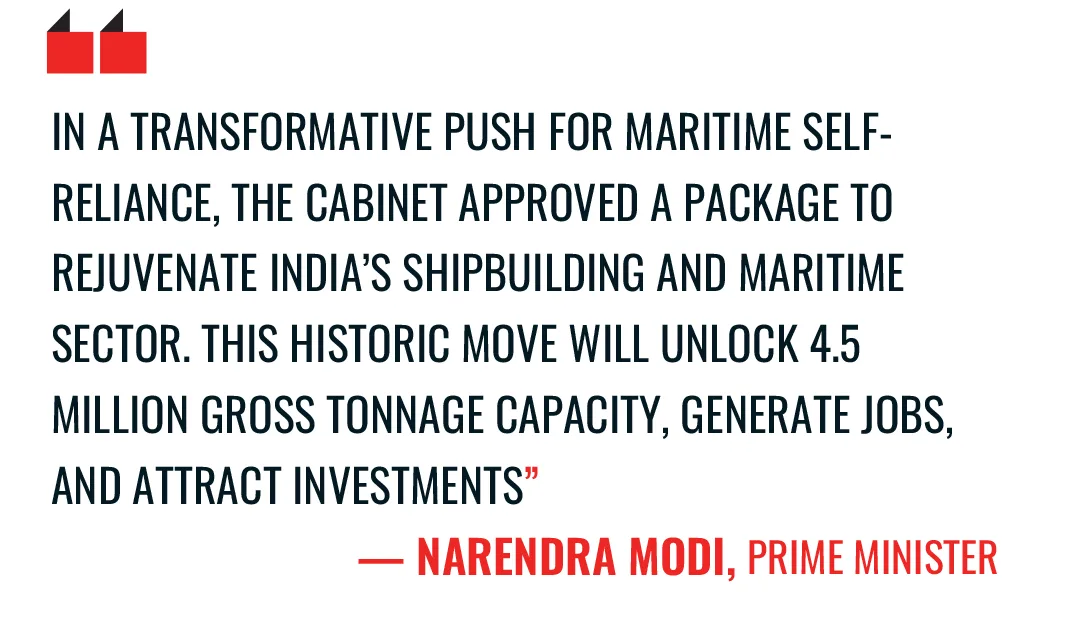 - The initiative will run for 10 years and is based on a four-pillar strategy: Strengthening domestic shipbuilding capacity, providing long-term financing solutions, promoting greenfield and brownfield shipyard development and enhancing skills, technical capabilities, and policy reforms
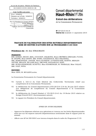 Au Budget Primitif 2015, 200 000 € de crédits de paiement ont été inscrits dans le cadre des travaux de valorisation des sites naturels départementaux ainsi que 12 000 € de crédits de fonctionnement pour des études. Il vous est proposé d’approuver les opérations pour les forêts départementales (668 ha) soit 143 000 € en investissement et pour les espaces naturels départementaux 57 000 € en investissement et 8 500 € en fonctionnement (435 ha), soit un montant total estimé de 200 000 € en investissement et 8 500 € en fonctionnement. Les travaux de restauration du milieu forestier engendreront une recette estimative d’environ 70 000 € issue de la vente des bois.
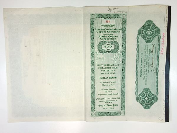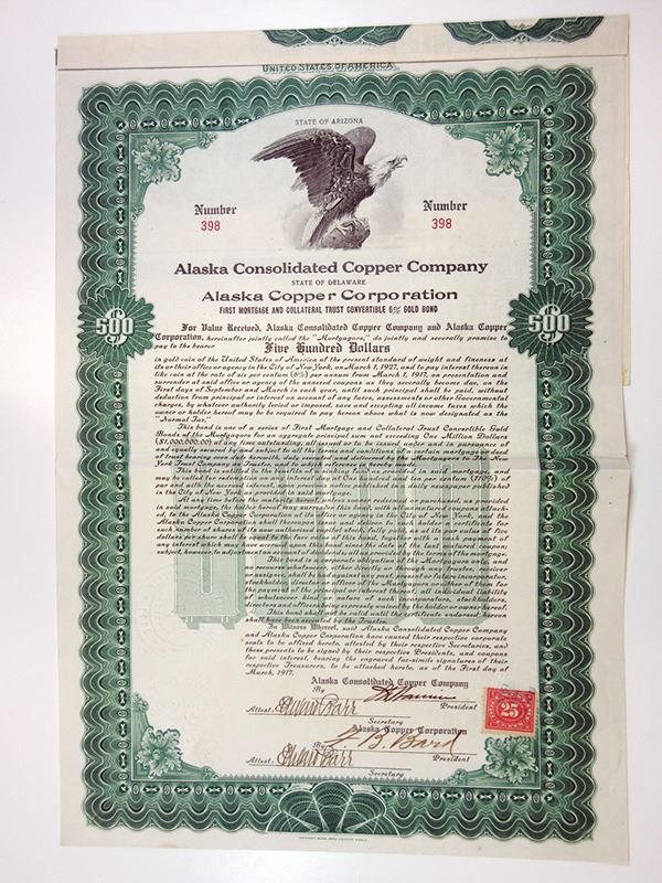 Arizona. $500 Issued and Uncancelled 6% 1st mortgage & Collateral Trust Convertible Gold Coupon Bond, Black print on green border and under tint, Bald Eagle at top, VF-XF condition, SBNC.

┄┄┄┄┄┄

If a line holds a picture, skip the picture and transcribe the rest of the material exactly.

● **Exercise solution**:
 - The initiative will run for 10 years and is based on a four-pillar strategy: Strengthening domestic shipbuilding capacity, providing long-term financing solutions, promoting greenfield and brownfield shipyard development and enhancing skills, technical capabilities, and policy reforms
 Au Budget Primitif 2015, 200 000 € de crédits de paiement ont été inscrits dans le cadre des travaux de valorisation des sites naturels départementaux ainsi que 12 000 € de crédits de fonctionnement pour des études. Il vous est proposé d’approuver les opérations pour les forêts départementales (668 ha) soit 143 000 € en investissement et pour les espaces naturels départementaux 57 000 € en investissement et 8 500 € en fonctionnement (435 ha), soit un montant total estimé de 200 000 € en investissement et 8 500 € en fonctionnement. Les travaux de restauration du milieu forestier engendreront une recette estimative d’environ 70 000 € issue de la vente des bois.
 Arizona. $500 Issued and Uncancelled 6% 1st mortgage & Collateral Trust Convertible Gold Coupon Bond, Black print on green border and under tint, Bald Eagle at top, VF-XF condition, SBNC.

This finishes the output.